The Never Ending Typo Hunt Comes to an End

Although I would like to believe that I have finally killed all of the typographic errors in Cobra Flight, I have a lurking trepidation that they scurry still through the manuscript.

Today, I caught what I believe was the last of them and then started uploading the corrected files to the various book distributors. And of course, nothing in this benighted universe ever seems to work quite right.

After uploading to the likes of Amazon, Kobo, Apple and the many others wouldn’t you know it that I found one last little bastard just as the last of the files were sent.

It took another hour to correct the damn thing and then re-upload everything.

I take solace from what happened when a new edition of the Bible was printed in 1631. It is said to be the most infamous typographic error in history. I don’t need to explain, just have a look at how the Ten Commandments turned out.

For printing this version of the Bible in 1631 the publishers got hit with a gigantic monetary fine. There are 10 copies extant and they are worth a vast sum of money.

These days in journalism there is much complaining about how publishers are firing editors and proofreaders in order to increase profits. And with those complaints come the inevitable moans about how things were much better in the Olde Days.

Well that’s not a new thing. It turns out that after the disaster of the Wicked Bible the Archbishop of Canterbury had this little rant . . .

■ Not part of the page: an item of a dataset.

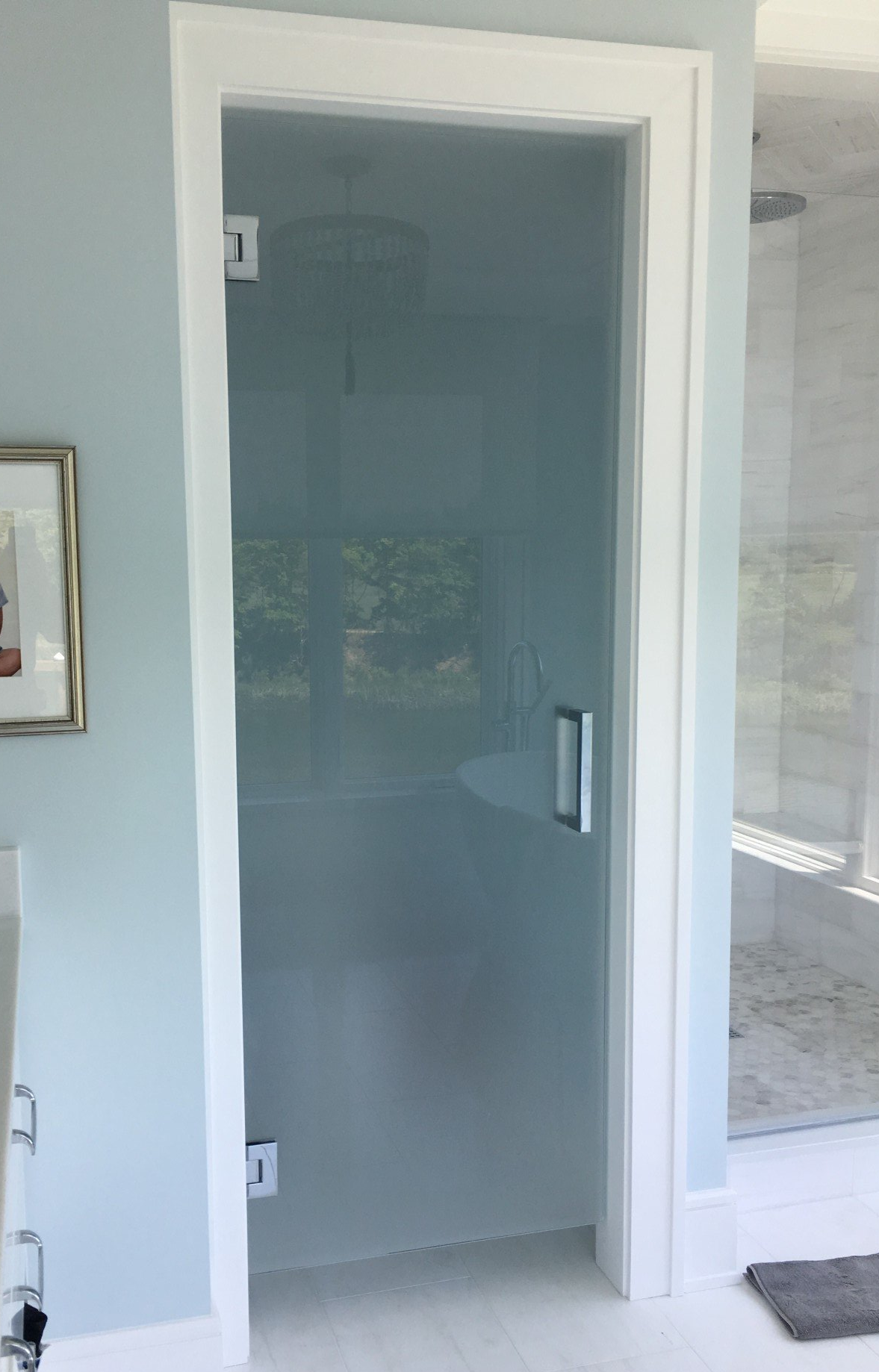 Custom Door Handles • Obscure & Patterned Glass • Soap Scum Resistant Diamond-Fusion Glass Doors

“I knew the time when great care was had about printing, the Bibles especially, good compositors and the best correctors were gotten being grave and learned men, the paper and the letter rare, and faire every way of the best, but now the paper is nought, the composers boys, and the correctors unlearned.”

Final Note. Sod’s Law dictates that despite my care in writing and the use of a spell checker, there will be a typo in this post.